There are some big differences in the software stack and hardware used by HPC grids and compute clouds, but both types of clusters have one thing in common: They need some master program to be in charge and allocate resources to workloads. Scheduling batch jobs on parallel supercomputers is something that LSF has done since it LSF V1.0 was shipped in 1992.
The product was based on the concepts put forth by Songian Zhou in his PhD thesis at the University of California at Berkeley. Zhou is one of the company's three co-founders and has remained its chief executive officer since its founding. Zhou's company has over 2,000 customers worldwide with more than 5 million processors under management in their grids, and he knows a mess - and an opportunity to sell management tools - when he sees one. That is why Platform is today launching a new product line, called Infrastructure Sharing Facility, or ISF for short.
"Making supply meet demand is the core of the grid technology that we have been delivering for years in LSF," explains Zhou. But LSF is a batch workload manager for a static set of compute and storage grid resources, and as such, it is not directly applicable to cloud computing as we know it in the commercial computing arena. Clouds employ server and storage virtualization and automated provision of server and storage slices as end users and their workloads come and go on the cloud. "This is what is really new."
Platform doesn't want to make its own hypervisors or storage virtualization or even do the provisioning of virtual machines or storage. Rather, it is positioning ISF as the master traffic cop on the cloud, linking into and orchestrating whatever tools cloud providers pick to manage their VMs. It can be a mix of things, such as the complete VMware vSphere or XenServer Essentials stacks or point products such as the VM management tools from BladeLogic or PlateSpin or the server provisioning and orchestration tools from IBM, Hewlett-Packard, Platform, or others. Platform doesn't care, any more than it cared what operating system, MPI stack, or network protocol cluster makers employed when they built their big HPC boxes to run technical workloads.
Just like LSF didn't magically turn a cluster of physical servers into a grid, ISF doesn't turn a cluster of virtual servers into a cloud. People still have to build their clouds, just like they had to build their clusters. What ISF does is schedule the provisioning of virtual infrastructure as cloud workloads change, much as LSF automated the scheduling of HPC application runs on a grid of machines.
Zhou says that ISF has been in development for more than three years and leverages the existing Enterprise Grid Orchestrator (EGO) and Virtual Machine Orchestrator (VMO) tools created by Platform. EGO is an earlier grid orchestration tool designed for traditional HPC applications (and a superset of LSF) that was extended to support Java virtual machines and parallel data mining/data warehousing applications, while VMO is a dynamic resource management tool that is itself packaged up as a XenServer appliance and will soon be able to provision VMware ESX Server or Microsoft Hyper-V VMs on a pool of servers.

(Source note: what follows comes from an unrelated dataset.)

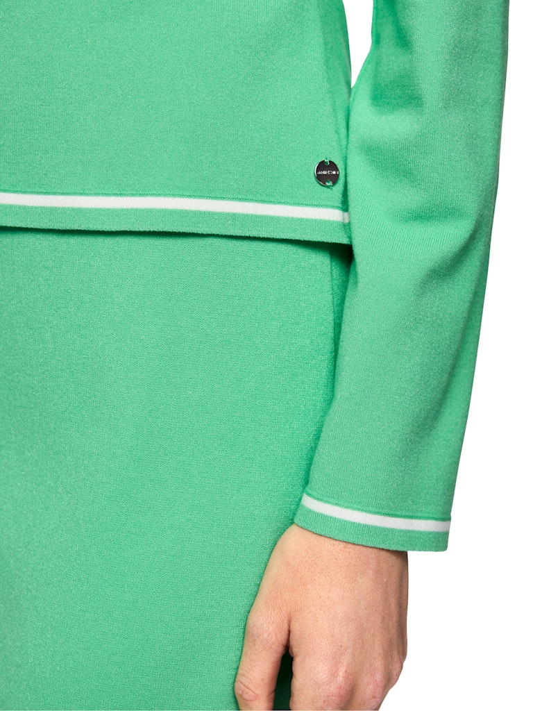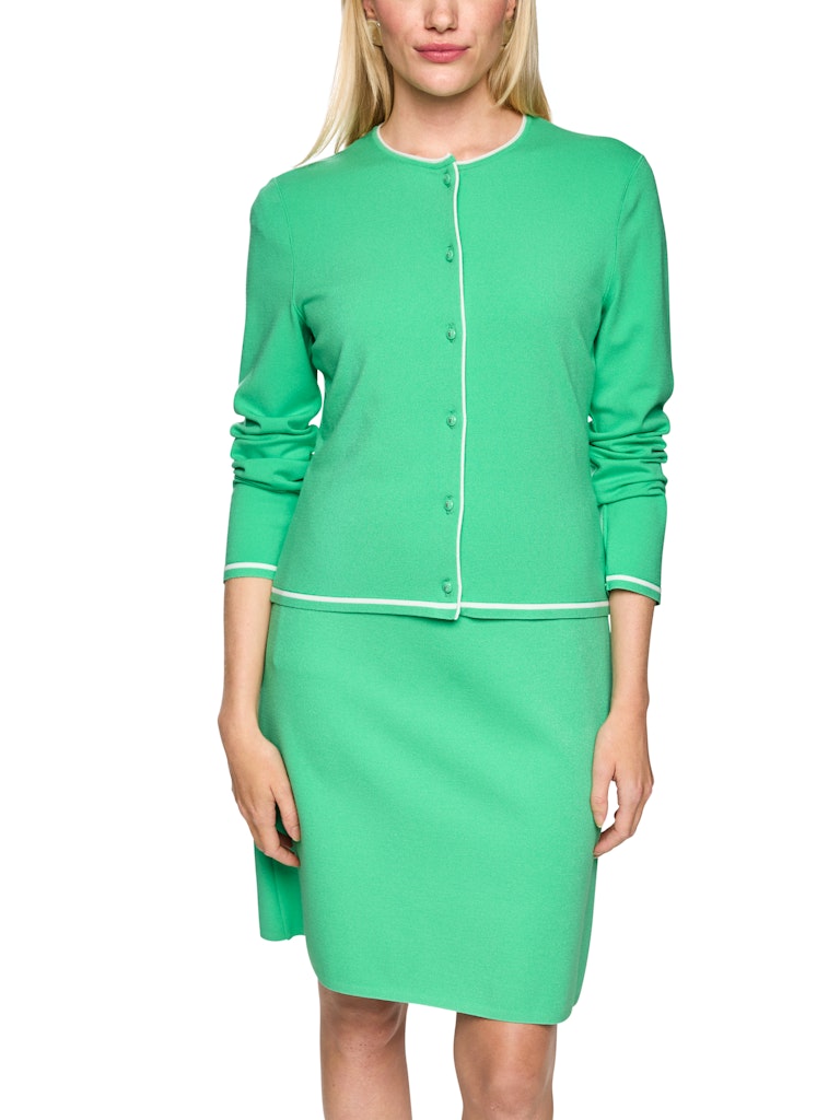 Feinstrick Cardigan "Rethink Together"|Zeitloser Cardigan aus weichem Viskosemix im feinen Strick. Mit Rundhalsausschnitt, klassischem Knopfverschluss und kontrastfarbenen Details wird der Look modern akzentuiert. Das Modell ist "Knitted in Germany": Das Verstricken der Garne auf hochmodernen Strickmaschinen und die Veredelung der Stoffe geschehen am Standort Deutschland. Der Cardigan trägt das Nachhaltigkeitslabel "Rethink Together".|Leicht tailliert|Knitted in Germany|Rethink Together|Knopfverschluss|Das Model ist 179 cm groß und trägt N3/38.

ISF is itself a collection of C++ and Java code, and it runs on a dedicated server (either on Windows or Linux) that deploys agent software to server nodes and storage arrays so it can hook into whatever provisioning tools companies deploy. ISF just reaches out and talks to whatever tools are there, and it is Platform's intent to be agnostic about operating system, hypervisor, or server type. Getting support for a wide variety of OSes and VMs is going to take time, perhaps a year or two, according to Zhou. But Platform will be hitting the biggest targets first, as software companies always do.
The first beta of the code, which is what Platform is announcing today, supports VMware's ESX Server 3.5 hypervisor for x64 servers, and it is in the process of being certified for the new ESX Server 4.0 hypervisor that is part of the vSphere stack and will soon be certified to support Citrix Systems' XenServer 5.5, which just started shipping last week.

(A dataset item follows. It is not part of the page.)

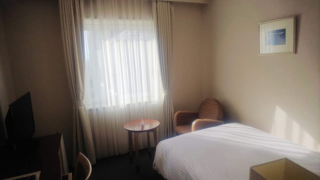 駅前すぐ、バスターミナルやロータリーの向かい側にあり、迷うことなくすぐにたどり着けます。建物などは少々古めなのでしょうが、きれいにしてあるのでそれほど気になることもなくすごせるふつうのシティホテルです。モール温泉の大浴場がありますが、5、6人がはいるのにちょうどよさそうな広さで、それほど広くはありません。

Zhou says that support for Microsoft's Hyper-V is coming within months to ISF and that the company intended to next put in support for Sun Microsystems' Solaris containers and Red Hat's KVM virtual machines. As customers demand it, Platform is perfectly happy to add support for IBM's PowerVM logical partitions on its Power-based iron and Hewlett-Packard's Integrity Virtual Machines for its Itanium-based servers. It is going to take time to get ISF integrated and certified for the large number of server and storage provisioning tools out there on the market.

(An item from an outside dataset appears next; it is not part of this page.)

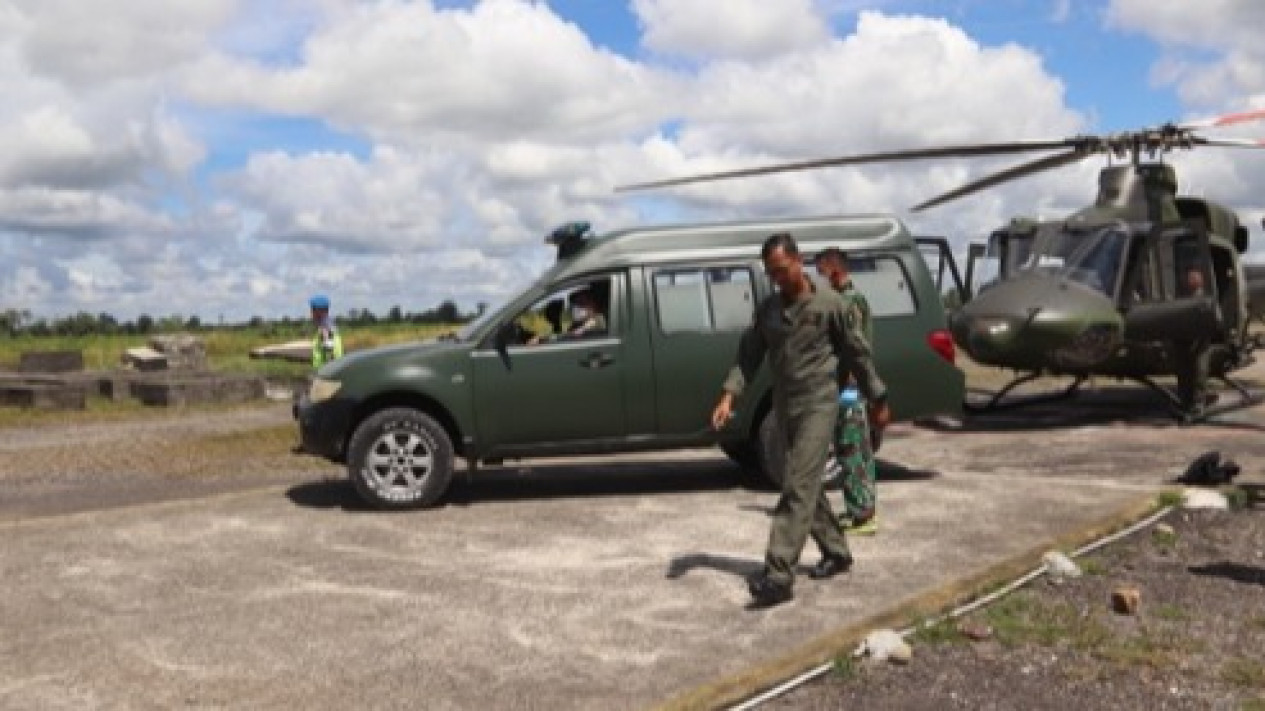 Jenazah Pratu F langsung dievakuasi ke Timika untuk dibawa ke RSUD setempat guna pemulasaraan jenazah.

ISF will ship in the fall. While Platform is not supplying specific pricing information yet for ISF, cloud operators - whether they run public clouds or internal private clouds - are cheapskates. And Platform knows that it can only charge a few hundred dollars per server box for the tool, with volume discounts obviously. "It is intended to be cost effective," says Zhou.
In a separate announcement, Platform has also rolled out a new subset of its HPC software stack called HPC Workgroup Manager aimed at channel partners who want to get into distributing grid software like Dell, Red Hat, and Hewlett-Packard all do, but without having to go through a formal partnership and customization as they have. HPC Workgroup Manager includes Cluster Manager (formerly known as Open Cluster Stack 5), LSF Workgroup Edition, and Platform's own message-passing interface (MPI) parallel computing stack. The software is certified by Intel as being Cluster Ready, which means you can load and go on specific Xeon-based servers. ®